Виталий Комар, Александр Меламид. Вам хорошо! Из серии «Соц-арт», 1972. Фанера, масло. 
Собрание Шалвы Бреуса


Существование в Москве для Зиника оказывается существованием в бесконечном пропускном режиме. Оставим за скобками то, что реальную систему пропусков можно наблюдать скорее на израильских чекпоинтах на Западном берегу реки Иордан, а в московских больницах и на Красной площади — так, система пропускочков. Но на то Зиник и художник, чтобы тонко чувствовать несправедливость там, где ее легко не заметить. Как, например, в относительно сытой и свободной Москве начала нулевых годов.

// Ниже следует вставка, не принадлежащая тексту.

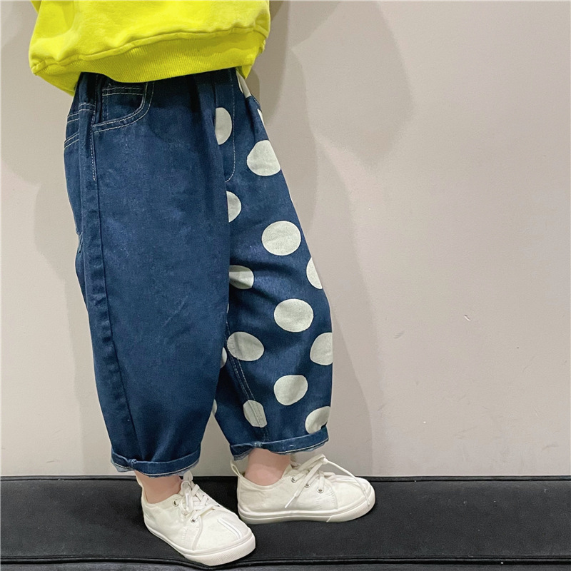 아동복 아동 바지 2023 봄 새로운 한류 포인트 청바지 서양식 베이비 컬러 매칭 캐주얼 바지 K315
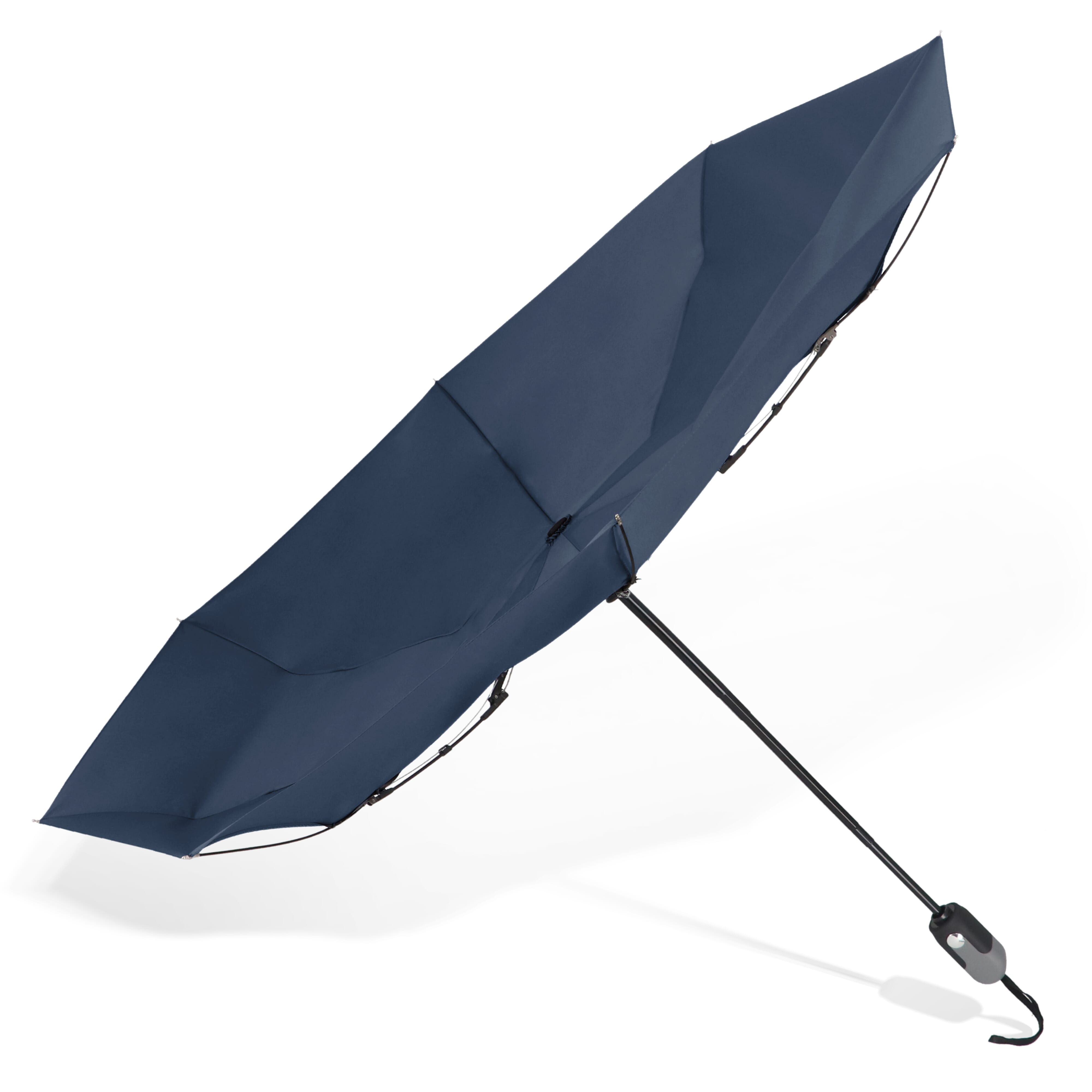 Luxuriöser, faltbarer Regenschirm im Business-Look & Feel. Der ergonomisch geformte Griff verfügt über einen Mechanismus zum automatischen Öffnen und Schließen des Schirms. Das Gestell ist teilweise aus Fiberglas gefertigt, was dem Schirm zusätzliche Stärke verleiht. Wird mit einer Hülle geliefert.
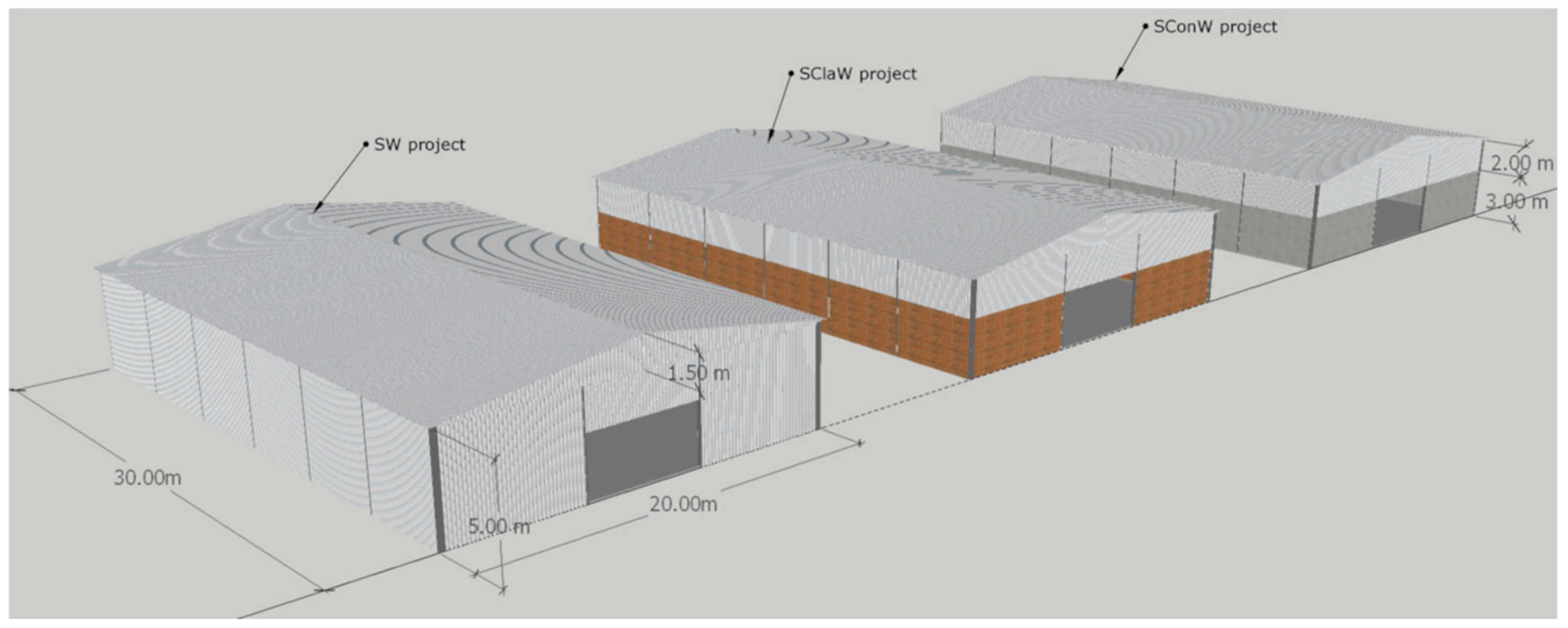 Siguiendo la norma ISO 14040/44, se define el alcance como el ciclo completo de vida de las naves (extracción de materias primas, producción, construcción, uso y fin de vida). La unidad funcional elegida es 500 m² de cerramiento lateral equivalente a la envolvente de dos muros completos de la nave (superficie total: 600 m², 30 m × 20 m × 5 m). Se excluyó el tratamiento de los residuos generados en la obra y en el mantenimiento por falta de datos fiables y para garantizar la comparabilidad entre los tres diseños.
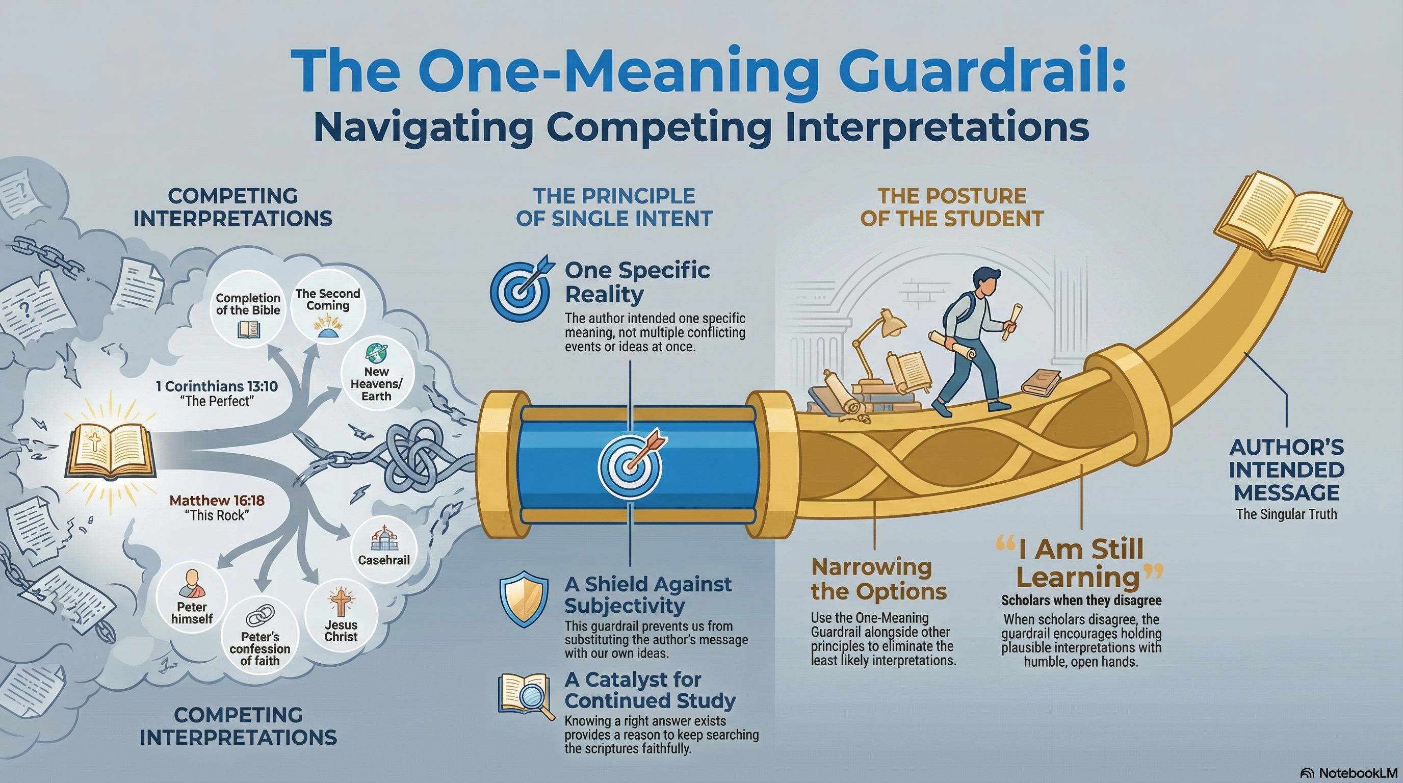 The One-Meaning Guardrail holds that a passage of Scripture has one main, correct meaning: the meaning intended by the original human author under the inspiration of the Holy Spirit. It does not mean that God's Word is rigid or cold. It means that God communicates with purpose and precision, and that His message can be known.
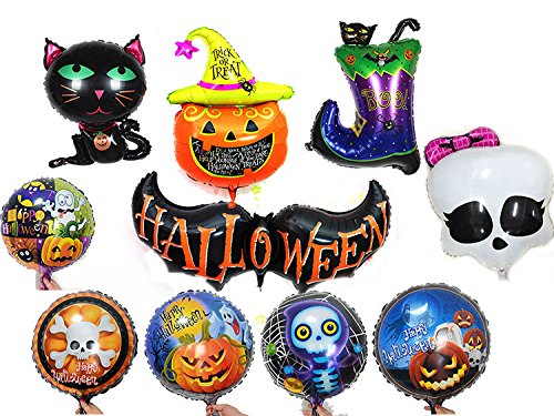 -. Feature : Product material:Aluminum foil / Product size:Cirle shape:18" 45X45cm Hand rod:50X30CM / Big pumpkin:105X65cm Cat:50X40cm Witch:50x45cm / Big bat:125X50cm Boot:65X45cm mickey:62cmX54cm / Pack of 14PCS
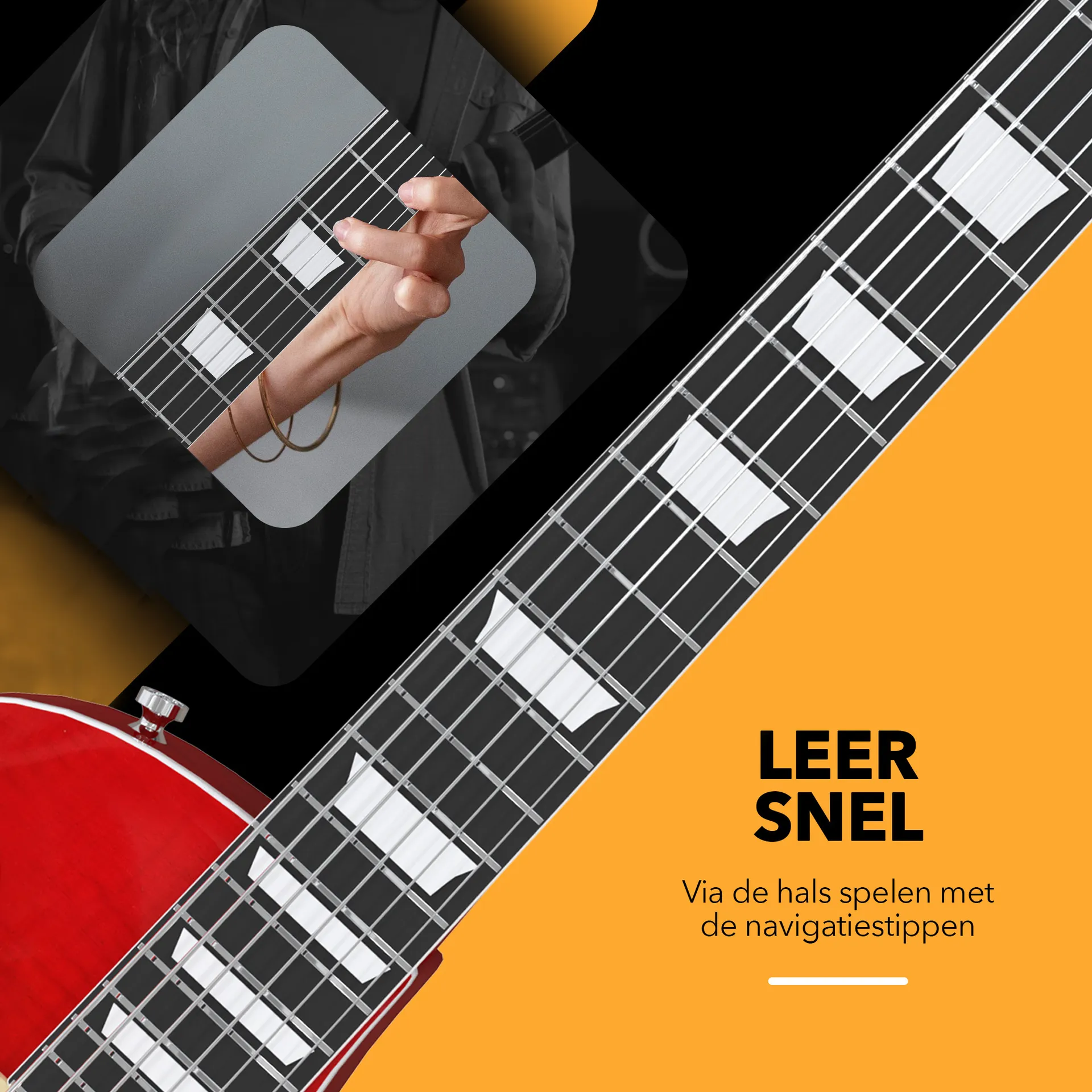 Zeker als beginnende gitarist kan het even zoeken zijn om de juiste noten op de gitaar te vinden. De nek van deze gitaar is voorzien van 10 navigatiestippen welke enorm helpen om jouw weg te vinden en de juiste noten te leren herkennen.
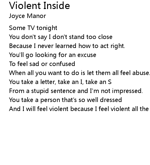 | And I will feel violent because I feel violent all the time inside of me. |
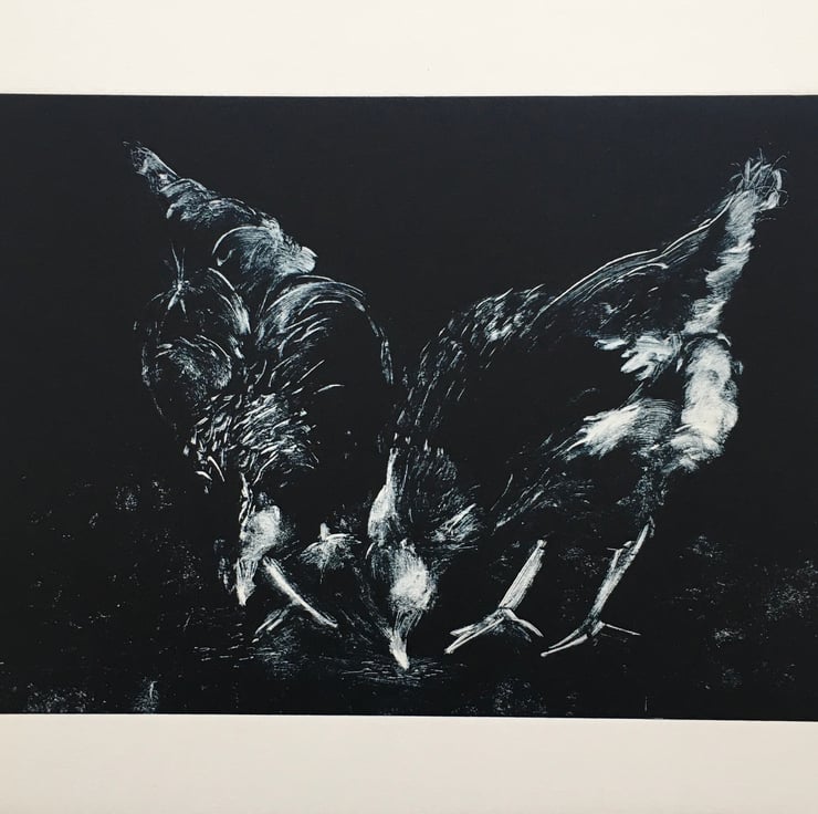 A4 subtractive monotype, Blue/blackCaligo relief ink on heavy cartridge. Mounted in acid free card In a white wood frame.

При этом Зиновий Ефимович упорно отказывается признавать то, что нам кажется очевидным. А именно то, что наше так называемое общее советское прошлое — фикция того же порядка, что уорхоловский томатный суп, изображение блюда, но не само блюдо, фантазия об идеальном блюде, но никак не идеал блюда. Опыт перестает быть опытом ровно в тот момент, когда мы перестаем его проживать. Ностальгические воспоминания о светлом советском детстве с дружбой народов и отсутствием преступности — фикция. Фантомные воспоминания о советском антигуманизме — фикция. И то, и другое — спекуляции одного порядка, нескончаемое воспроизводство фиктивного проживания опыта, утратившего актуальность. Из-за отказа признавать это проза Зиника и дает осечки, вместо чуткого и внимательного наблюдателя подсовывая нам сомнительные умозаключения, от банальности которых кровь приливает к читательским ушам: «У нас в отношении Сталина — эдипов комплекс», «Как и все духовное в России, коммунизм был порождением западной мысли», «Коммунизм, как и христианство, не идеология, а религия». И так далее. Зачем писателю изводить свой дар на подобное? Ладно бы это просто были отдельные неудачные моменты, но спокойное к ним отношение рано или поздно становится нечистоплотной нормой, а затем подводит автора и читателя вместе с ним к действительно страшной этической пропасти, как, например, в таком пассаже:

«На фестиваль приехал и автор хрестоматийных фотопортретов Беккета — Джон Минихэн (John Minihan). Я был знаком с ним по приватному лондонскому клубу-бару Colony Room в Сохо (когда-то Беккет туда тоже заглядывал), и мы сдружились в эту неделю в Праге — главным образом потому, что Джон скрывал от своей жены свое давнее увлечение ирландским виски. Джон говорил жене, что он встречается со мной для работы над моим фотопортретом. (Он утверждал, что его увлекает во- сточноевропейская ширококостность моего лица). Он меня действительно много фотографировал, но фотографии эти исчезли в завалах его архивов. („Мы фотографируем то, что мы хотим забыть“, как говорил Франц Кафка). В моих архивах осталась лишь фотография Джона и меня, захваченных в момент дискуссии — скорее всего, о разнице между виски Bushmills и Jameson (один сорт — из Северной Ирландии, британской короны; другой сорт — из Республики Ирландия); по тому, какой виски ты предпочитаешь, можно угадать, католик ли ты (как Джойс) или протестант (как Беккет)».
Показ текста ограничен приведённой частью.